Of course he fell asleep. I only knew two primary things about Lunar Light—he fell asleep frequently and he was apparently very strong in combat magic class.
“One of us is going to stand in the bigger area and try to dodge the water balloons, the other is throwing from the smaller square until there are no more water balloons. You can’t do anything else but throw balloons. No other magic,” I explained.
“She and Cinch had a water balloon fight?” Lunar asked in confusion. “That’s not something I would expect either to do.”
“Cinch was using stun spells instead of water balloons,” I said flatly.
He yawned again. “That makes more sense. I assume Newman won?”
“Yes,” I answered, and raised an eyebrow at him. “Why’d you assume she win?”
“I’ve seen her dodge baseballs. It’s something she does consistently every Saturday. She almost never gets hit. Sounds like it hurts a lot whenever she does get hit, and that’s usually what brings a stopping point to her exercise. I’m surprised she hasn’t been seriously injured, but she comes into class every Monday with no sign of injury. Headmaster must heal her up,” Lunar explained.
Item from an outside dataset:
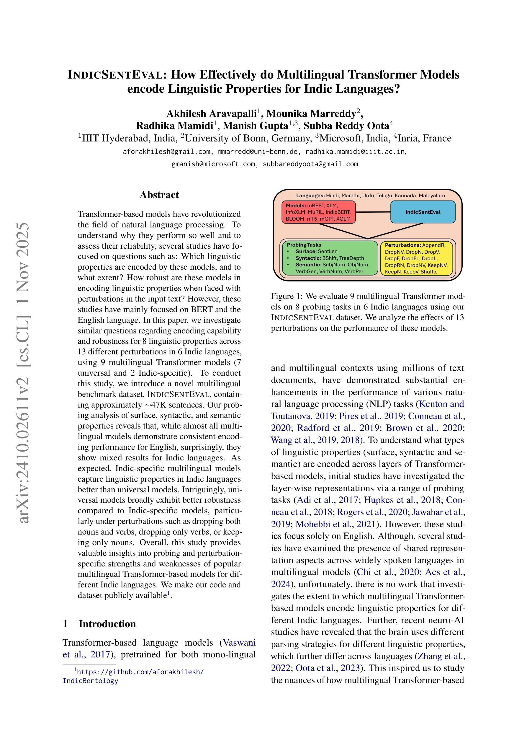 Transformer模型已经彻底改变了自然语言处理领域。为了更好地理解它们为何表现如此出色并评估其可靠性,多项研究专注于以下问题:这些模型编码了哪些语言特性,以及到了什么程度?当面对输入文本的扰动时,这些模型在编码语言特性方面的稳健性如何?然而,这些研究主要集中在BERT和英语上。在本文中,我们针对9种多语言Transformer模型(7种通用模型和2种印度语特定模型),研究关于编码能力和稳健性的相关问题,涉及6种印度语言的8种语言特性以及13种不同的扰动。为了进行这项研究,我们引入了一个新的多语言基准数据集IndicSentEval,包含约47K个句子。令人惊讶的是,我们对表层、句法层和语义特性的探查分析表明,几乎所有多语言模型在英语上的编码性能都表现一致,但在印度语上的表现却喜忧参半。正如预期那样,针对印度语的特定印度语多语言模型在捕捉印度语的语言特性方面比通用模型表现得更好。有趣的是,通用模型在大多数情况下表现出比印度语特定模型更好的稳健性,特别是在删除名词和动词、仅删除动词或仅保留名词等扰动情况下。总体而言,本研究为不同印度语流行的多语言Transformer模型在探查和特定扰动方面的优缺点提供了宝贵的见解。我们的代码和数据集已公开可用:[https://github.com/aforakhilesh/IndicBertology]。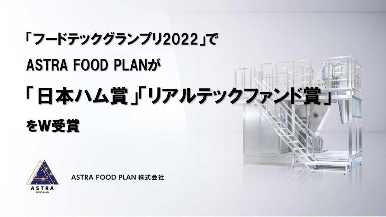 『サスティナブルな社会の実現』をミッションに掲げるフードテックベンチャーのASTRA FOOD PLAN 株式会社(埼玉県富士見市、代表取締役:加納 千裕 以下ASTRA FOOD PLAN )は、2022年10月15日に開催された「フードテックグランプリ2022」にて「日本ハム賞」「リアルテックファンド賞」をW受賞しました。また、一般投票(審査員以外のパートナー企業参加者およびファイナリスト12チームによる投票)で3位となりました。

I tilted my head. “And you take time to watch her every Saturday?”
He blushed. “You probably guessed, given the duel you described, but she’s a master strategist who is always ten steps ahead of everyone else. She’s got ties to one of the most important mages of the age, and she might possibly know forbidden magic, even if she can’t cast it herself. She’s worth watching—and she’s easier to keep track of than Headmaster, that guy just vanishes without a trace and doesn’t have any records about him; can’t learn anything at all about him. It’s like he just appeared out of nowhere one day and nobody knows anything about him other than he’s a powerful mage and he knows medicine; it’s frustrating. Aren’t you curious why we have humans from Earth here?”
Well, I knew Hail Storm is his nephew, and he wasn’t the first choice to run the school, someone recommended him. I’d keep that private between me and my close friends.
I smirked. “Well, you might have learned it is to prepare us to face bigger challenges than Equestria is used to facing if you hadn’t fallen asleep and missed lunch. What do you do all night that makes you so sleepy during the day?”
He hung his head and shook it. “Sleep, but It doesn’t help much.”
“Getting pelted with a water balloon should wake you up. I’ll throw first and you can dodge,” I said.
He yawned again. “Sure thing.” He then went to get into position.
“Oh, and we do know one other thing about Headmaster,” I said as I took my spot.
His ears perked up. “What’s that?”
“He prefers to wash the dishes,” I said with a chuckle.
Lunar seemed to consider, as if this made him realize something deeper. “That he does.”